_Task item_
Output each record below exactly, leaving any picture out of the copy.

_Dataset content_
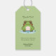 Uma etiqueta verde de presente com uma ilustração de um sapo fofo no seu lago e textos personalizáveis em cores verdes escuras! Pode ser perfeito obrigado seu convidado para vir a um aniversário, uma festa de inauguração, um casamento, aposentadoria, festa de solteira, etc.
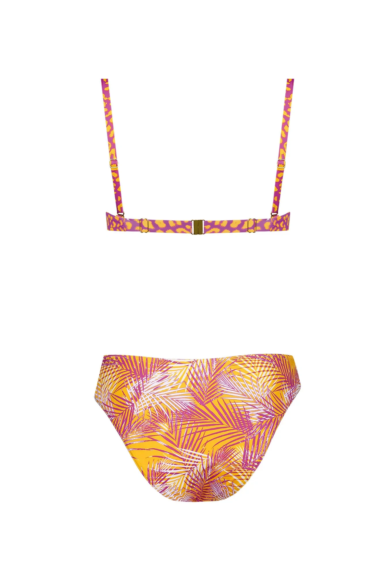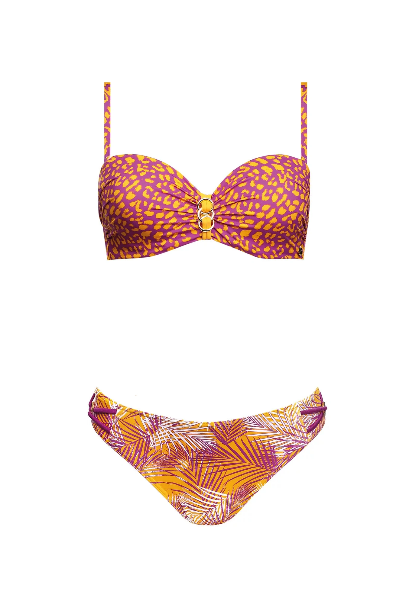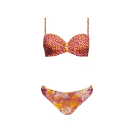 Dámské dvoudílné plavky značky Self. Vrchní díl je vyztužený kosticí + pěnovými vycpávkami. Zdoben je zlatými prvky.
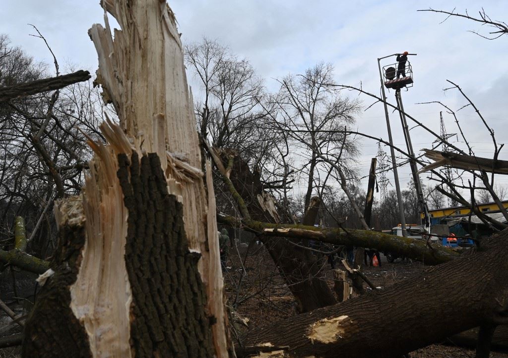 عمال يصلحون خطوط الكهرباء بعد هجوم صاروخي روسي على المنطقة الصناعية في كييف (26 ك2 2023، أ ف ب).
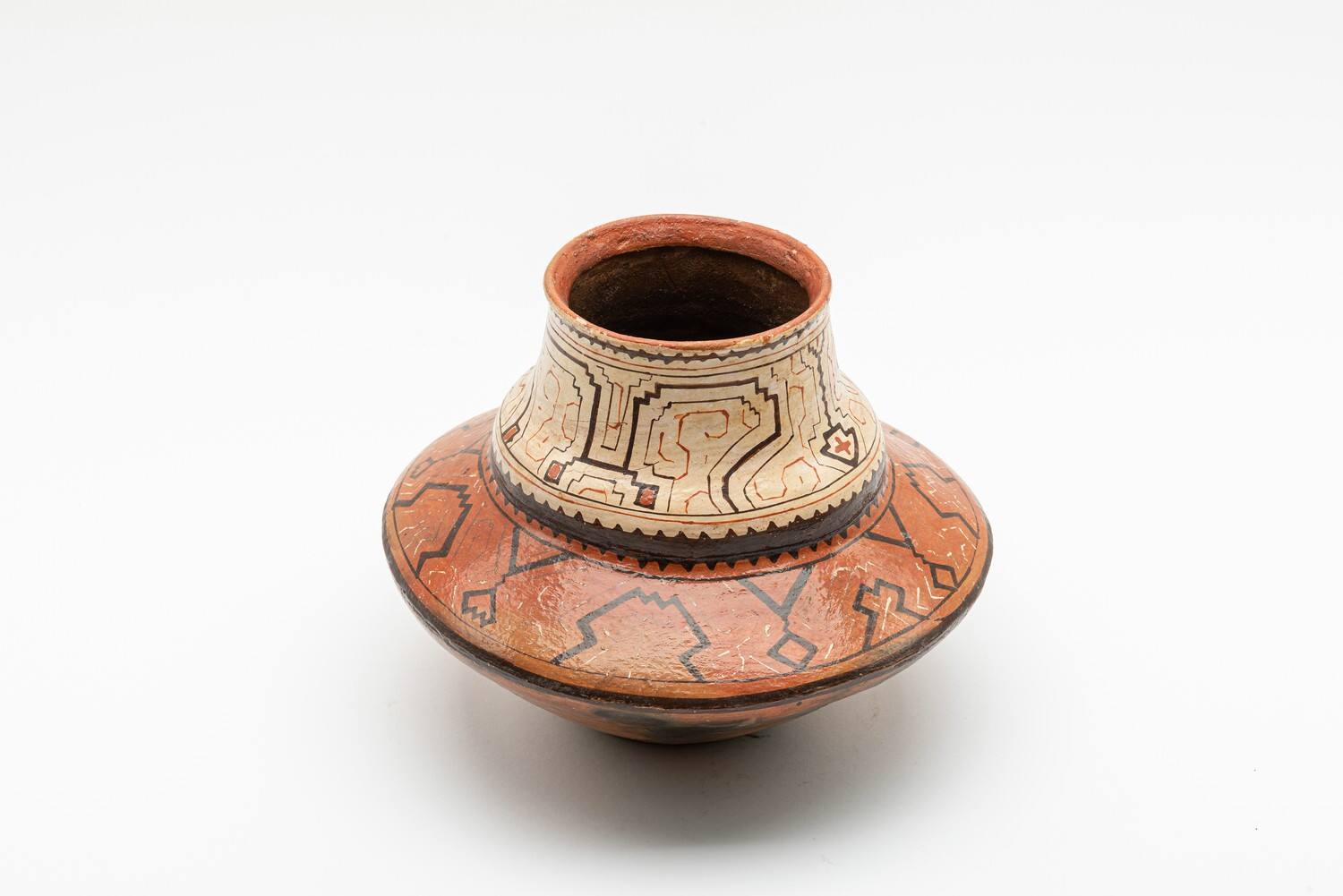 DescriptionDiese Keramik wurde bei den Shipibo-Conibo im Tiefland von Peru hergestellt. Der Wasserkrug "chómo" ist klein und dadurch tragbar und etwas dickwandiger. Oft ist er rot angestrichen und nur am Hals weiß glasiert und bemalt. Aufgrund seiner Porosität und des isolierenden Wassermantels, der sich in seiner Wandung bildet, hat dieses Tongefäß, das nur auf der Außenseite gefirnisst ist, sehr gute Kühlungseigenschaften.DimensionsHöhe: 20,5 cm
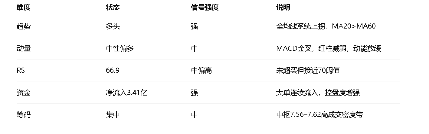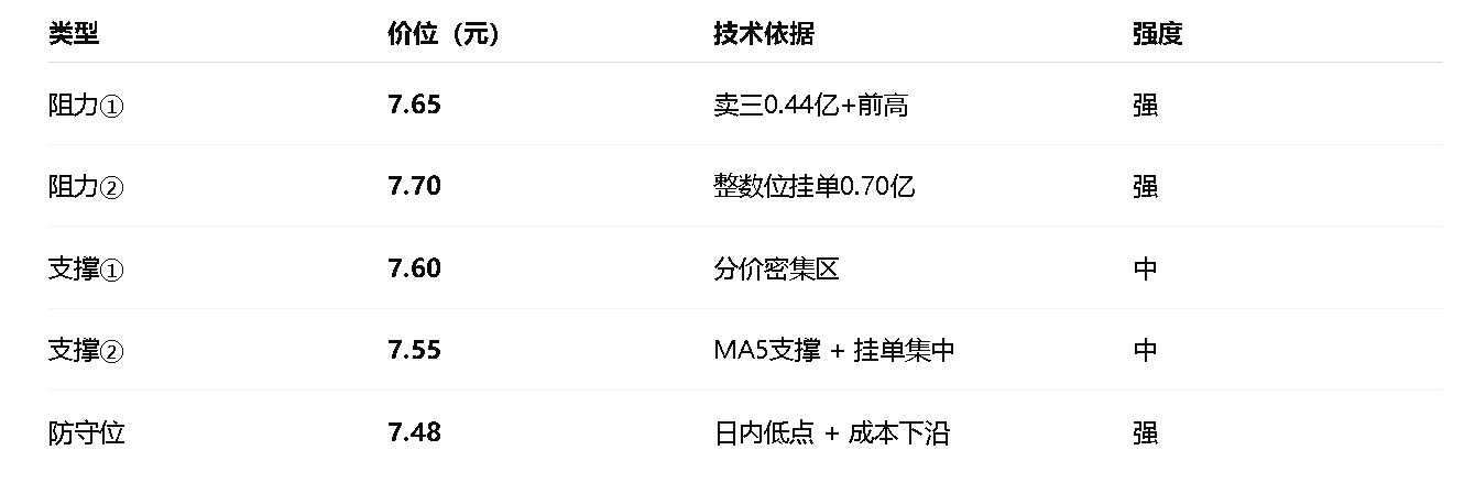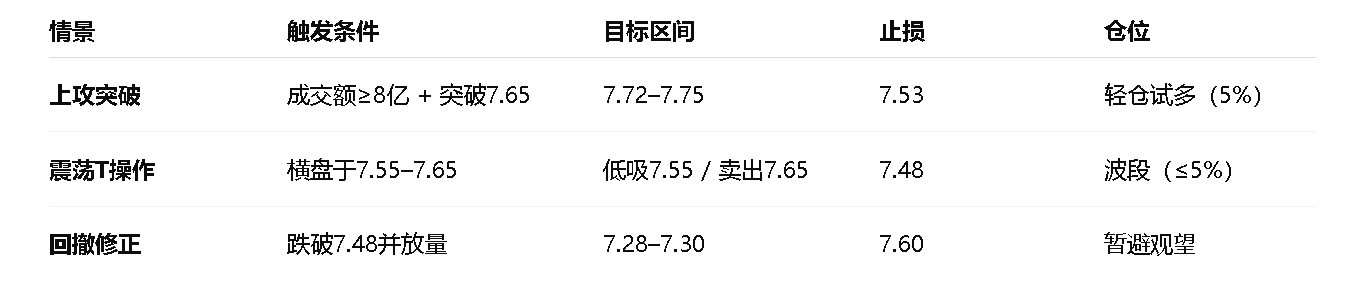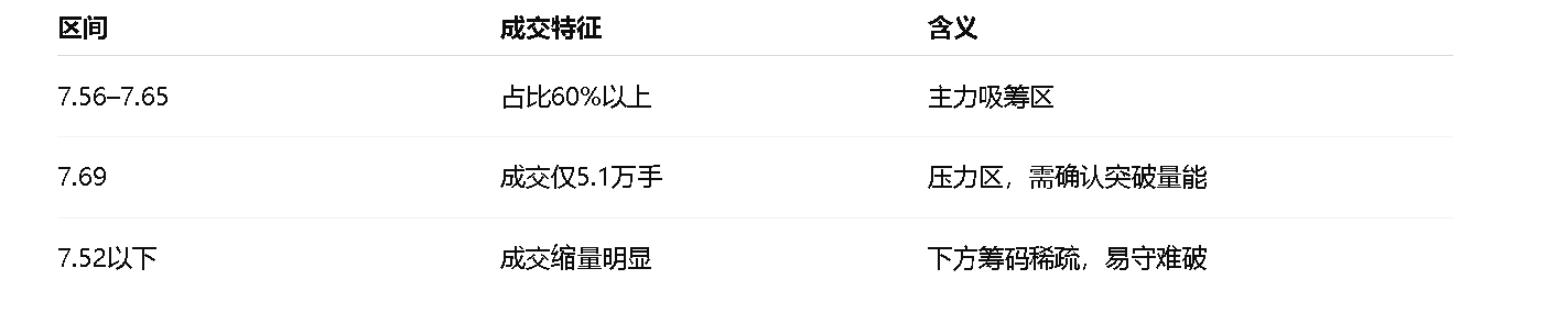 价位7.56–7.65元为短期“中枢吸筹带”,若连续三日站稳,或形成新平台。
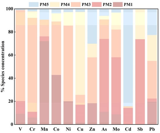 PM5 has a relatively high contribution of 84.37% to Cd. It was often regarded as a hallmark element in agricultural activities [,]. In general, some research found that phosphate ores contain 5–100 mg/kg of Cd, and most or all of the Cd enters the fertilizer []. Excessive application of phosphate fertilizer can cause the accumulation of Cd in the soil. Hence, PM5 is considered an agricultural source.
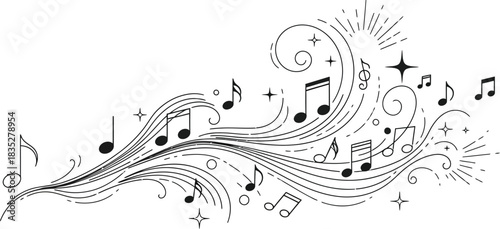 Flowing musical notes and swirls create a dynamic and artistic composition
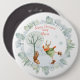 Lieblicher und bearbeitbarer Weihnachtsrundknopf mit Skaten Reh und Eichhörnchenspiel in der Winterlandschaft. Made aus mir für dich! Bearbeiten Sie den Namen, den Text und das Datum nach Belieben.
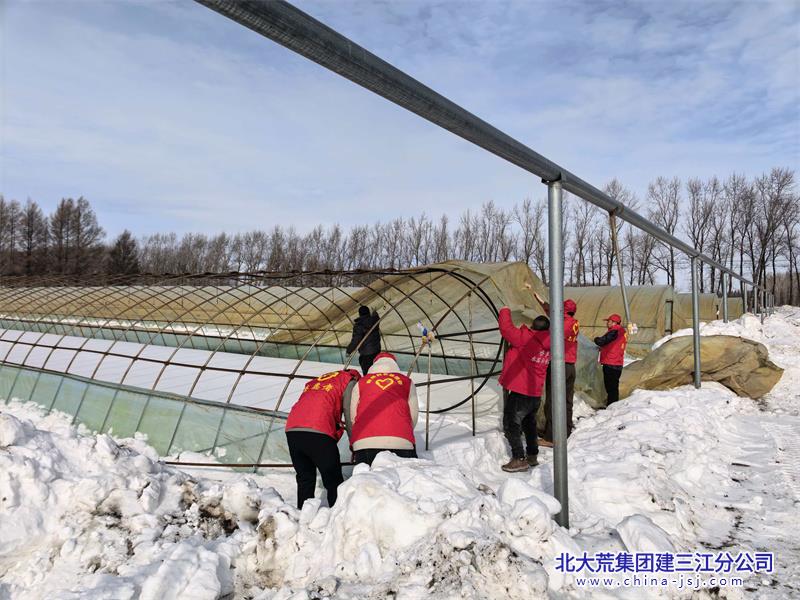 在各管理区,机械轰鸣声此起彼伏,人影穿梭于雪野之间,一幅热火朝天的备耕画卷正徐徐展开。与往年不同的是,今年的清雪扣棚现场,不仅有忙碌的种植户外,还多了一支身着红马甲、手持测量工具、肩扛技术手册的“特殊队伍”——他们正是由农场各管理区骨干技术人员组成的“党员技术志愿服务队”。
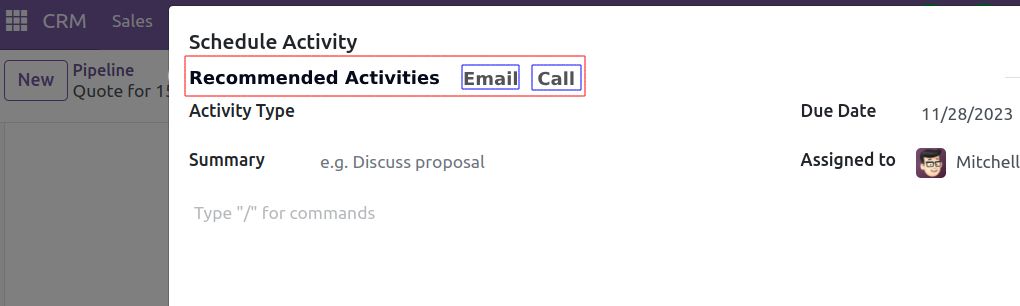 Odoo CRM helps you organize your sales activities: track leads, close opportunities and get accurate forecasts. Keep opportunities organized with the pipeline and manage your day-to-day activities with meetings and next activities.
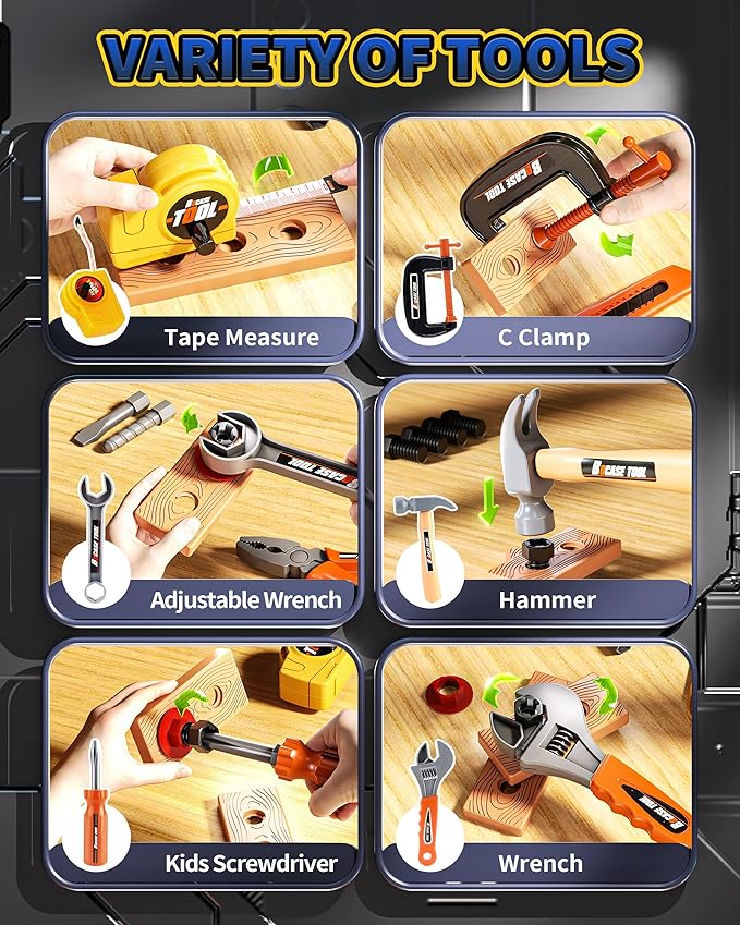 • 【Durable and safe material】Made of high-quality ABS material, safe and environmentally friendly, harmless to the human body. Meets US toy ASTM. All tools are designed for children, with rounded edges and smooth surfaces.

_Solution to this problem_
 Uma etiqueta verde de presente com uma ilustração de um sapo fofo no seu lago e textos personalizáveis em cores verdes escuras! Pode ser perfeito obrigado seu convidado para vir a um aniversário, uma festa de inauguração, um casamento, aposentadoria, festa de solteira, etc.
 Dámské dvoudílné plavky značky Self. Vrchní díl je vyztužený kosticí + pěnovými vycpávkami. Zdoben je zlatými prvky.
 عمال يصلحون خطوط الكهرباء بعد هجوم صاروخي روسي على المنطقة الصناعية في كييف (26 ك2 2023، أ ف ب).
 DescriptionDiese Keramik wurde bei den Shipibo-Conibo im Tiefland von Peru hergestellt. Der Wasserkrug "chómo" ist klein und dadurch tragbar und etwas dickwandiger. Oft ist er rot angestrichen und nur am Hals weiß glasiert und bemalt. Aufgrund seiner Porosität und des isolierenden Wassermantels, der sich in seiner Wandung bildet, hat dieses Tongefäß, das nur auf der Außenseite gefirnisst ist, sehr gute Kühlungseigenschaften.DimensionsHöhe: 20,5 cm
 价位7.56–7.65元为短期“中枢吸筹带”,若连续三日站稳,或形成新平台。
 PM5 has a relatively high contribution of 84.37% to Cd. It was often regarded as a hallmark element in agricultural activities [,]. In general, some research found that phosphate ores contain 5–100 mg/kg of Cd, and most or all of the Cd enters the fertilizer []. Excessive application of phosphate fertilizer can cause the accumulation of Cd in the soil. Hence, PM5 is considered an agricultural source.
 Flowing musical notes and swirls create a dynamic and artistic composition
 Lieblicher und bearbeitbarer Weihnachtsrundknopf mit Skaten Reh und Eichhörnchenspiel in der Winterlandschaft. Made aus mir für dich! Bearbeiten Sie den Namen, den Text und das Datum nach Belieben.
 在各管理区,机械轰鸣声此起彼伏,人影穿梭于雪野之间,一幅热火朝天的备耕画卷正徐徐展开。与往年不同的是,今年的清雪扣棚现场,不仅有忙碌的种植户外,还多了一支身着红马甲、手持测量工具、肩扛技术手册的“特殊队伍”——他们正是由农场各管理区骨干技术人员组成的“党员技术志愿服务队”。
 Odoo CRM helps you organize your sales activities: track leads, close opportunities and get accurate forecasts. Keep opportunities organized with the pipeline and manage your day-to-day activities with meetings and next activities.
 • 【Durable and safe material】Made of high-quality ABS material, safe and environmentally friendly, harmless to the human body. Meets US toy ASTM. All tools are designed for children, with rounded edges and smooth surfaces.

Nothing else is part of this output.